Заступники Александра Васильевича перед графом Шереметевым, с Рылеевым во главе, не прерывали с ним сношений и из покровителей скоро превратились в добрых приятелей. Особенно часто виделся Александр Васильевич с Рылеевым и князем Евгением Оболенским. Последний в июле 1825 г. даже пригласил его совсем на жительство к себе, в качестве воспитателя своего младшего брата, тогда присланного к нему из Москвы оканчивать образование.
Здесь молодой Никитенко очутился в самом центре тогдашнего прогрессивного движения. Согретый лучами высокой гуманности, царившей в этом обществе, где он был принят с истинно братским радушием, Александр Васильевич уже начинал считать себя у пристани. Он и не подозревал, какая новая гроза зрела около него: она разразилась в злополучный день 14 декабря и застала его врасплох. Покровители и друзья, правда, щадили его юность и неопытность, а может быть, и не доверяли его зрелости, и потому не посвящали в тайну замышленного ими государственного переворота. Тем не менее, когда разразился удар, он не мог не отразиться косвенно и на Никитенко: будет или нет еще доказано, что он ни словом, ни делом не причастен к заговору, а пока против него был факт сожительства с одним из соучастников в нем и частого общения с другими. Понятно, в каком вихре новых сомнений и опасений очутился опять молодой человек, как терзался за судьбу друзей и за собственную участь. В этих тревогах и волнениях, на распутии между отчаянием и надеждою, застал его новый, 1826 год.
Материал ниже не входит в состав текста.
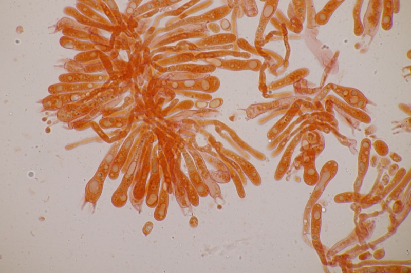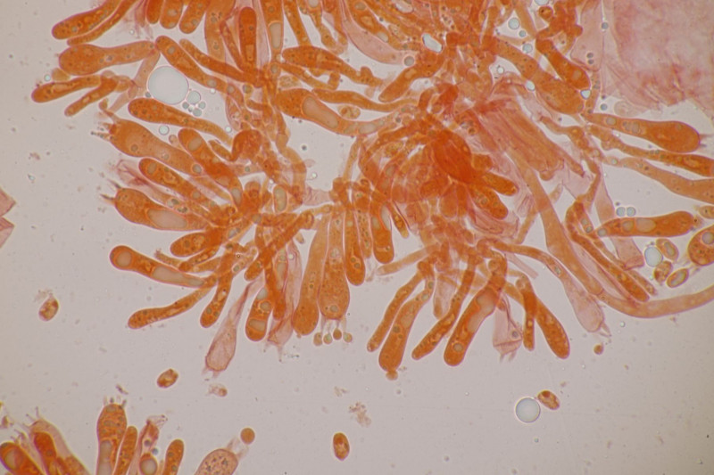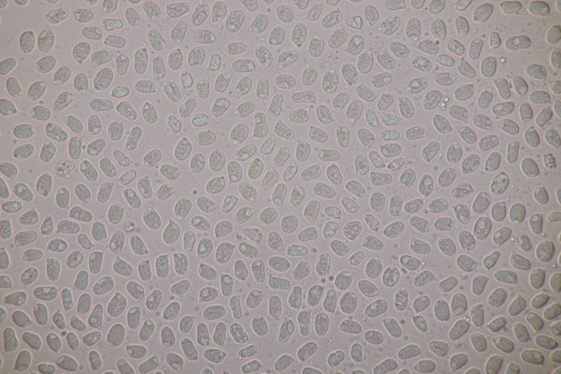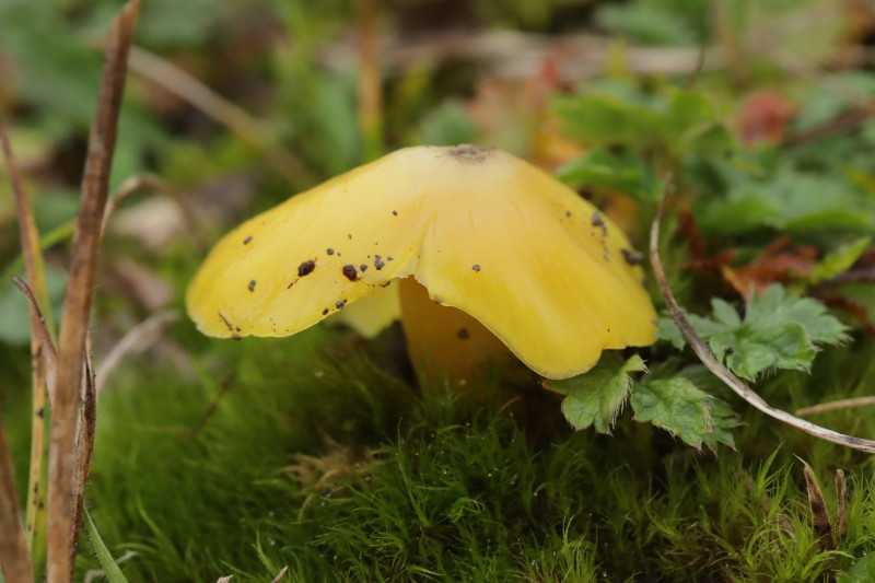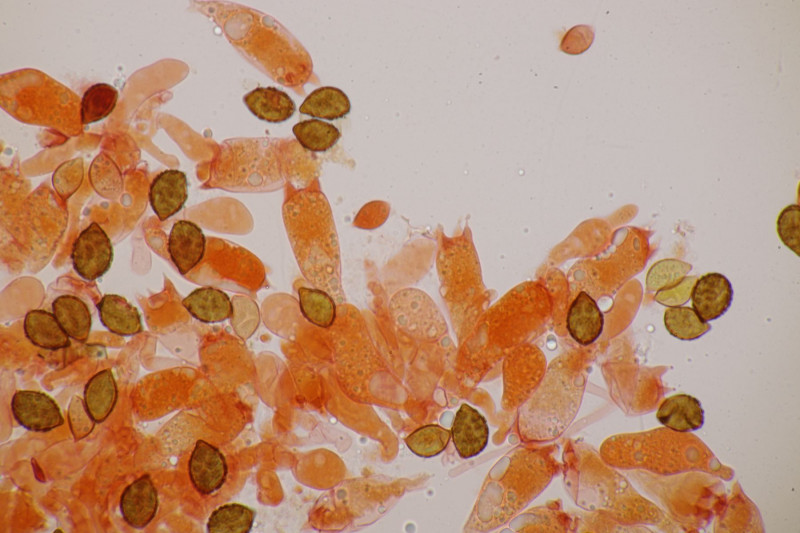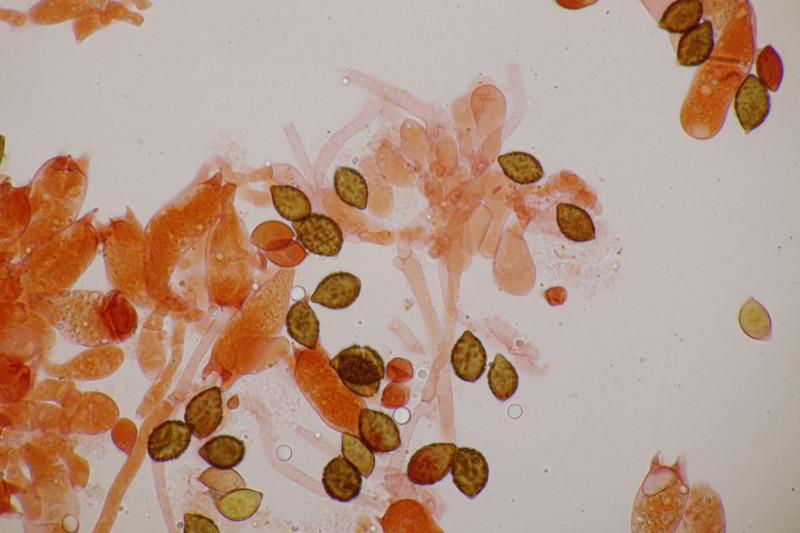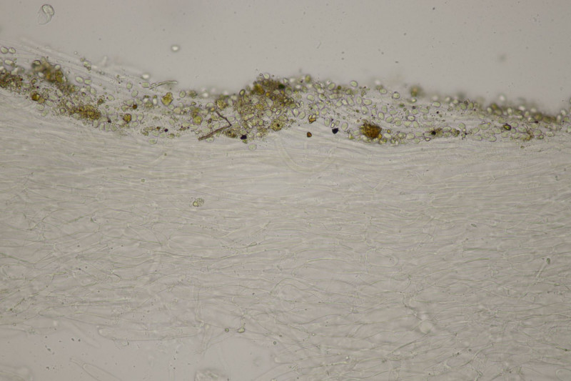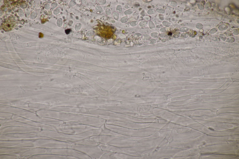 6. Ein Saftling, der zunächst mal an Hygrocybe fornicata erinnert. Die Sporen sind aber mit 8,6±0,6 µm × 5,3±0,4 µm, Q=1,6±0,2; 7,7-10,7 µm × 4,8-6,3 µm, Q=1,4-2,1 deutlich zu groß. Exsikkat ist vorhanden.

Дальше предоставим говорить самому Александру Васильевичу Никитенко. .
Редактор первого книжного издания
1826
1 января 1826 года
Сегодня я проснулся в скверном расположении духа. Ужасы прошедших дней давили меня, как черная туча. Будущее представлялось мне в самом мрачном, безнадежном виде. Я все больше и больше погружался в уныние. Вдруг явился Я.И.Ростовцев. Он сегодня в первый раз вышел из комнаты после болезни от ран, полученных им в бедственный день 14 декабря.
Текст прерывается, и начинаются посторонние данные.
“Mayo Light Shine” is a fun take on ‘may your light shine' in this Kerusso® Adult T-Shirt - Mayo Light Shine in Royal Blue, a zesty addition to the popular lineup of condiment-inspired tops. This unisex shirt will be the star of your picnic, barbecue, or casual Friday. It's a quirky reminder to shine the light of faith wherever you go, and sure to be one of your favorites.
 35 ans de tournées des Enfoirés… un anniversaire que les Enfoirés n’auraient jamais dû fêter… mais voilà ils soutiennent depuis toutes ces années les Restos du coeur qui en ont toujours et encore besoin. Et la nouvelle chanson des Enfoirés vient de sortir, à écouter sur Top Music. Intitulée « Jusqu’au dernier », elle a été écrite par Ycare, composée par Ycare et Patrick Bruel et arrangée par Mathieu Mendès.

После обычного дружеского приветствия и поздравления с Новым годом он обрадовал меня двумя известиями. Первое состояло в том, что генерал [Левашов, он вел следствие по делу декабристов] позволяет мне переменить квартиру и что, следовательно, я разделался с сомнительным и крайне неприятным положением, уже более двух недель томившим меня. Второе, что Федор Николаевич Глинка, который вполне заслуживает любовь и уважение и которого я искренно почитаю, — что Глинка, будучи представлен государю императору, оправдал себя во всех подозрениях, какими его кто-то очернил в глазах правительства. Бумаги Глинки были отобраны, а сам он взят во дворец. Невинность его, однако, скоро обнаружилась, и сам государь отпустил его домой, сказав:
— Не морщиться и не сердиться, господин Глинка! Ныне такие несчастные обстоятельства, что мы против воли принуждены иногда тревожить и честных людей. Я почитал вас всегда умным и благородным человеком. Скажите всем вашим друзьям, что обещания, которые я дал в манифесте, положили резкую черту между подозрениями и истиной, между желанием лучшего и бешеным стремлением к переворотам, — что обещания эти написаны не только на бумаге, но и в сердце моем. Ступайте: вы чисты, совершенно чисты.
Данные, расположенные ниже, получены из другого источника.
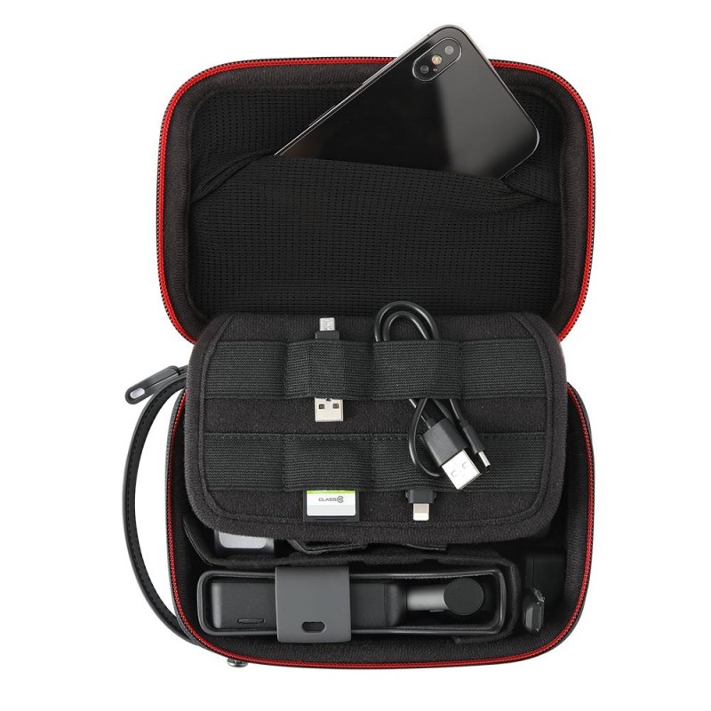 La mini maleta de transporte puede acomodar un OSMO Pocket /Pocket 2 o un OSMO Action y varios accesorios; incluye dos divisores largos y cuatro cortos plegables que ayudan a personalizar el área de almacenamiento.
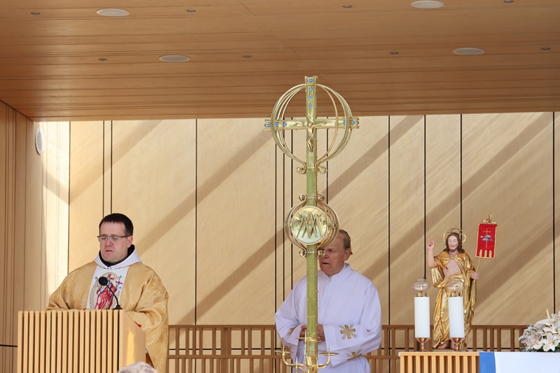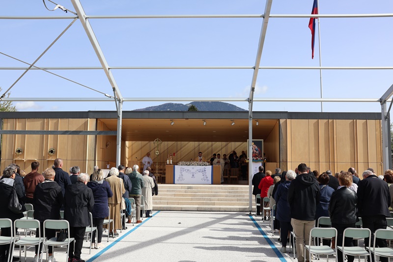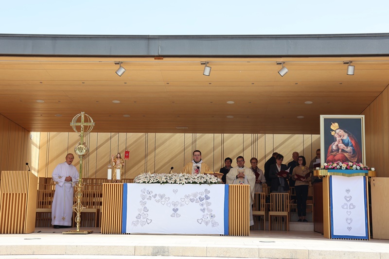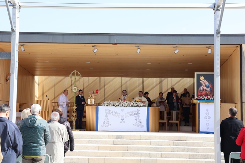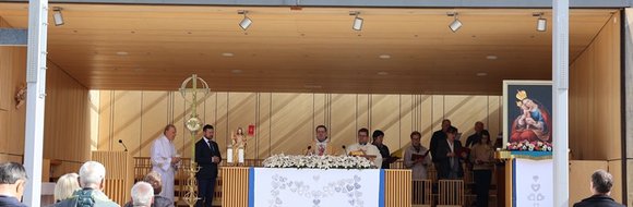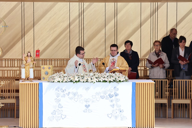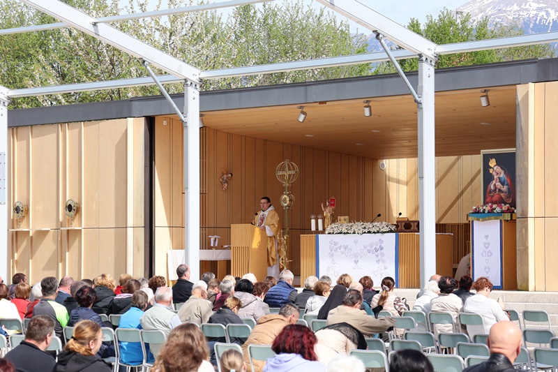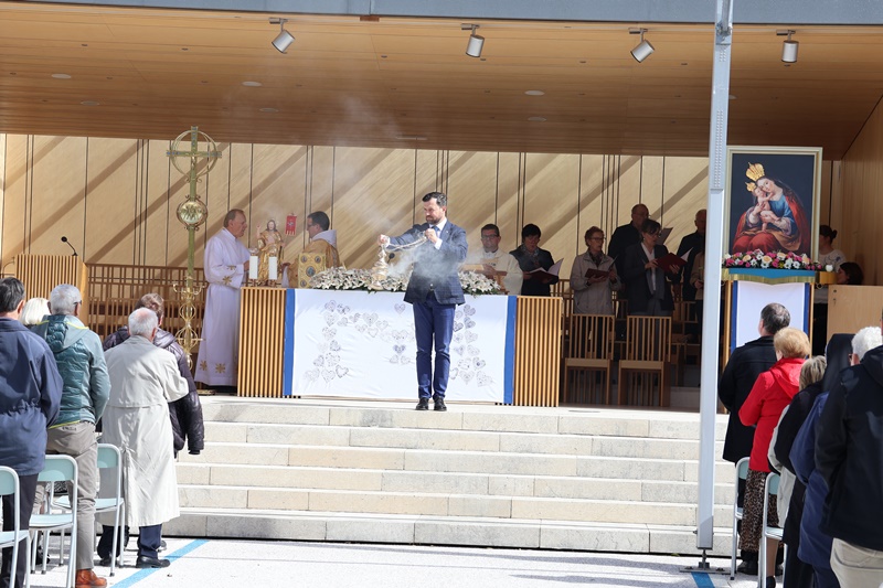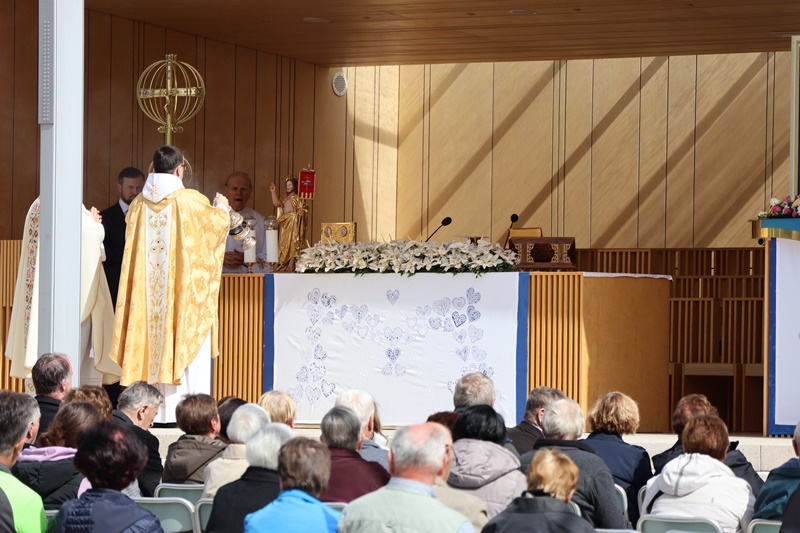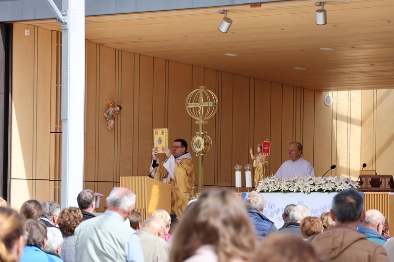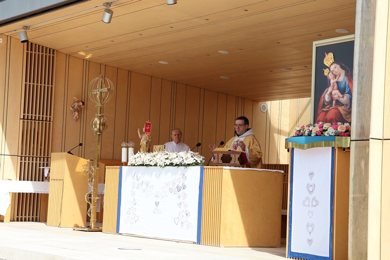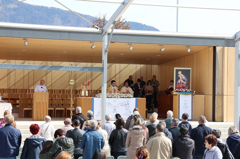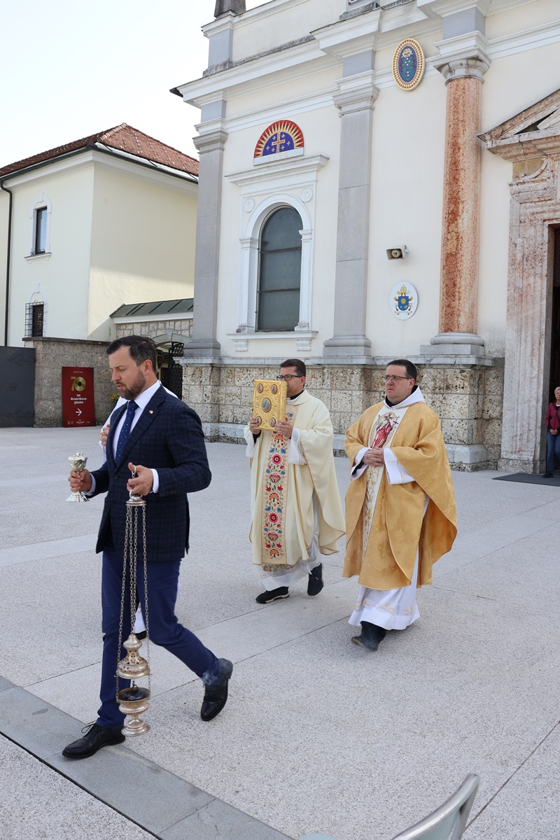 Osrednjo romarsko sveto mašo je ob 10. uri na trgu pred baziliko daroval p. Tadej Inglič. Pri oltarju se mu je pridružil g. Majk Rušec, iz župnije v Zagorskim Selima na Hrvaškem. K Mariji Pomagaj je priromal skupaj avtobusom župljanov.
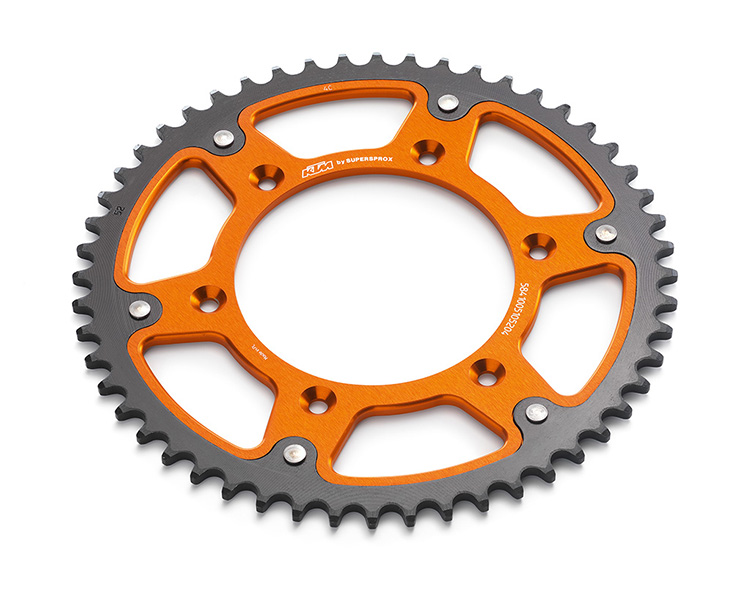 Wenn du höchste Qualität und Leistung suchst, sind diese Kettenräder das Richtige für dich! - Zähne aus hochfestem Stahl, für eine extra lange Lebensdauer - Mittelteil aus Aluminium, reduziert die ungefederten Massen - Durch hochfeste Nieten permanent miteinander verbunden - Mindestens dreimal höhere Lebensdauer als andere Aluminium-Kettenräder - 50% leichter als herkömmliche Kettenräder aus Stahl Weiterer Vorteil: längere Lebensdauer des gesamten Antriebssatzes Exklusiv hergestellt für KTM durch Supersprox. Dieses Produkt ist durch folgende Patente in der EU und den USA geschützt. EU Patent # EP1573234. US Patent # 7.481.729. Patent Inhaber Supersprox a.s.

Получив известие об аресте этого истинно-доброго человека, я был очень огорчен. Но проницательность государя не дала ему ошибиться насчет правил и духа нашего милого поэта-христианина.
Итак, новый год начался для меня лично недурно, но как для многих других?..
3 января 1826 года
Я желал бы сейчас же воспользоваться позволением генерала. Квартира эта сделалась мне тяжела, как могила. Но у меня ни копейки денег, а без них не бывает на свете ни квартиры, ни того, что нужно в квартире. Я в крайне затруднительном положении. Все связи, которые могли бы послужить мне в пользу, порваны. Здесь я могу пробыть еще разве только несколько дней, то есть пока здесь маленький князь, мой воспитанник [Дмитрий Оболенский]. Но и тут беда: этот юноша всегда был строптивого нрава. Много хлопот доставлял он мне. Я усердно старался внушить ему кое-какие хорошие правила и обуздать его буйную волю. Поставив себе это целью, я терпеливо переносил все огорчения, все грубости, коими его своенравие щедро осыпало меня. Изредка только удавалось мне пробудить в нем добрые чувства, да и то были лишь минутные вспышки. Со времени же несчастия его брата он сделался совершенно несносен. Я пробовал кротко увещевать его, но в ответ получил несколько грубостей, и наши отношения крайне натянуты.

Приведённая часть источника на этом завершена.